Task item: Exact copies of the lines from the one with "1.300克面粉放入盆中,加" through the last line of the entries, and no pictures, make up the answer.

[Source records]

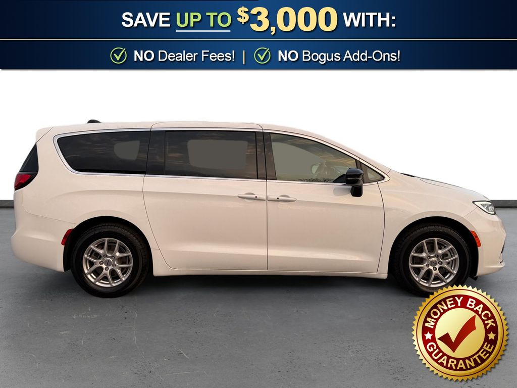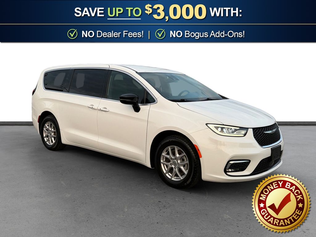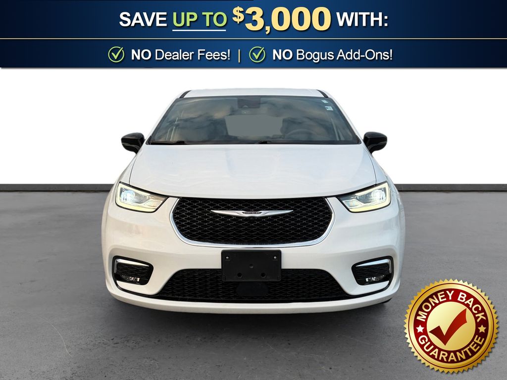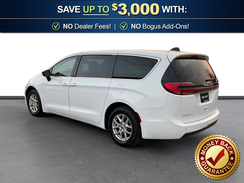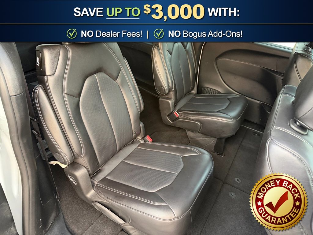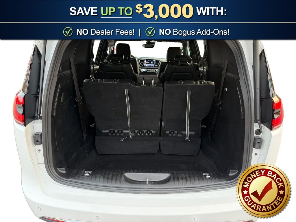 10.1" Touchscreen Display, 17" x 7.0" Aluminum Wheels, 3.25 Axle Ratio, 3rd row seats: split-bench, 4-Wheel Disc Brakes, 4G LTE Wi-Fi Hot Spot, 6 Speakers, ABS brakes, Air Conditioning, Alloy wheels, AM/FM radio: SiriusXM, Apple CarPlay, Apple CarPlay/Android Auto, Auto-dimming Rear-View mirror, Automatic temperature control, Black Seats, Brake assist, Bumpers: body-color, Caprice Leatherette Bucket Seats, Compass, Delay-off headlights, Disassociated Touchscreen Display, Driver door bin, Driver vanity mirror, Driver's Seat Mounted Armrest, Dual front impact airbags, Dual front side impact airbags, Electronic Stability Control, Emergency communication system: Chrysler Connect, For Details, Visit DriveUconnect.com, Four wheel independent suspension, Front anti-roll bar, Front Bucket Seats, Front dual zone A/C, Front Fascia Air Deflectors, Front fog lights, Front reading lights, Fully automatic headlights, Garage door transmitter, Google Android Auto, GPS Antenna Input, Heated door mirrors, Heated front seats, Heated steering wheel, Illuminated entry, Integrated Active Noise Cancellation, Integrated Center Stack Radio, Knee airbag, Low tire pressure warning, Manufacturer's Statement of Origin, Memory seat, Occupant sensing airbag, Outside temperature display, Overhead airbag, Overhead console, Panic alarm, ParkView Rear Back-Up Camera, Passenger door bin, Passenger seat mounted armrest, Passenger vanity mirror, Power door mirrors, Power driver seat, Power Liftgate, Power steering, Power windows, Quick Order Package 27L, Radio data system, Radio: Uconnect 5 with 10.1" Display, Rain sensing wipers, Rear air conditioning, Rear reading lights, Rear window defroster, Rear window wiper, Reclining 3rd row seat, Remote keyless entry, Security system, SiriusXM Guardian - Included Trial (B), Speed control, Split folding rear seat, Spoiler, Steering wheel mounted audio controls, Tachometer, Telescoping steering wheel, Tilt steering wheel, Touring Suspension, Traction control, Trip computer, Turn signal indicator mirrors, USB Host Flip, Variably intermittent wipers, Voltmeter. 2025 Chrysler Pacifica Select
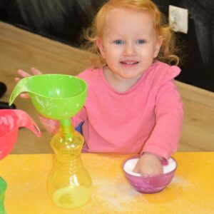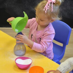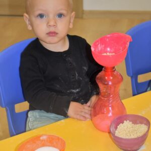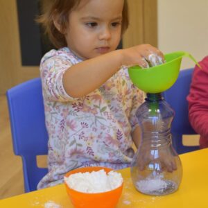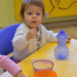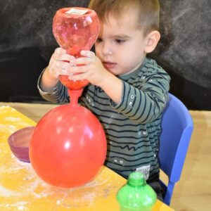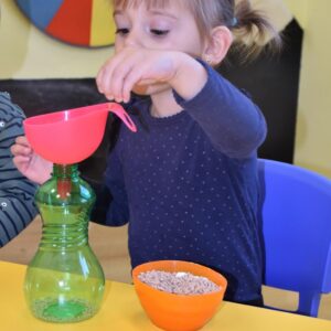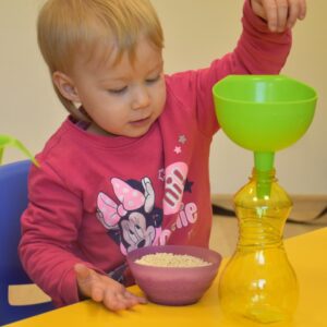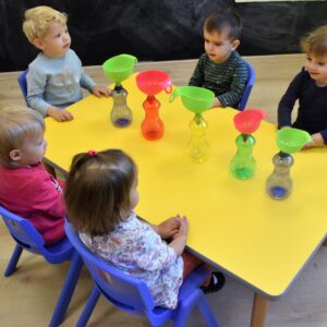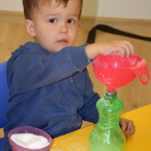 W ramach dzisiejszych zajęć z sensoplastyki dzieci miały okazję stworzyć własnoręcznie sensoryczne gniotki. Do przygotowanych kolorowych butelek, dzieci przesypywały suche produkty spożywcze: mąkę, sól, drobny makaron itd.  Następnie na butelki nakładaliśmy nadmuchane z pomocą cioci balony, by przesypać do nich zawartość butelek. Tak wypełnione balony, po zawiązaniu, zamieniły się w kolorowe gniotki. Dzieci podczas zajęć ćwiczyły motorykę małą, pobudzały swoją wyobraźnię i relaksowały się gniotąc w rączkach samodzielnie stworzone zabawki. 🙂
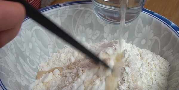 1.300克面粉放入盆中,加入3克酵母,5克白糖,用240毫升温水和面,一边倒一边搅拌。
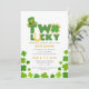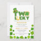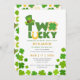 Rua, Dia 2 de Patrick, Convite para segundo aniversário de Shamrocks Sortudos. Rua bonita, no dia de Patrick o segundo convite de aniversário do bebê "Dois Sortudos" com chapéu de duende e biscoito de shamrock e encantos sortudos.
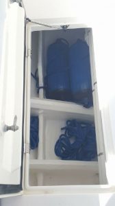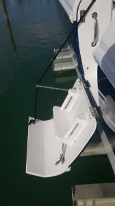 Extras: Very convenient and easy to use fresh water flush system for the outboards. Port side swim door that when opens doubles as steps with a hand rail. Bow cushions for lounging, Windless system for the anchor.

[/Source records]

Answer below:
 1.300克面粉放入盆中,加入3克酵母,5克白糖,用240毫升温水和面,一边倒一边搅拌。
 Rua, Dia 2 de Patrick, Convite para segundo aniversário de Shamrocks Sortudos. Rua bonita, no dia de Patrick o segundo convite de aniversário do bebê "Dois Sortudos" com chapéu de duende e biscoito de shamrock e encantos sortudos.
 Extras: Very convenient and easy to use fresh water flush system for the outboards. Port side swim door that when opens doubles as steps with a hand rail. Bow cushions for lounging, Windless system for the anchor.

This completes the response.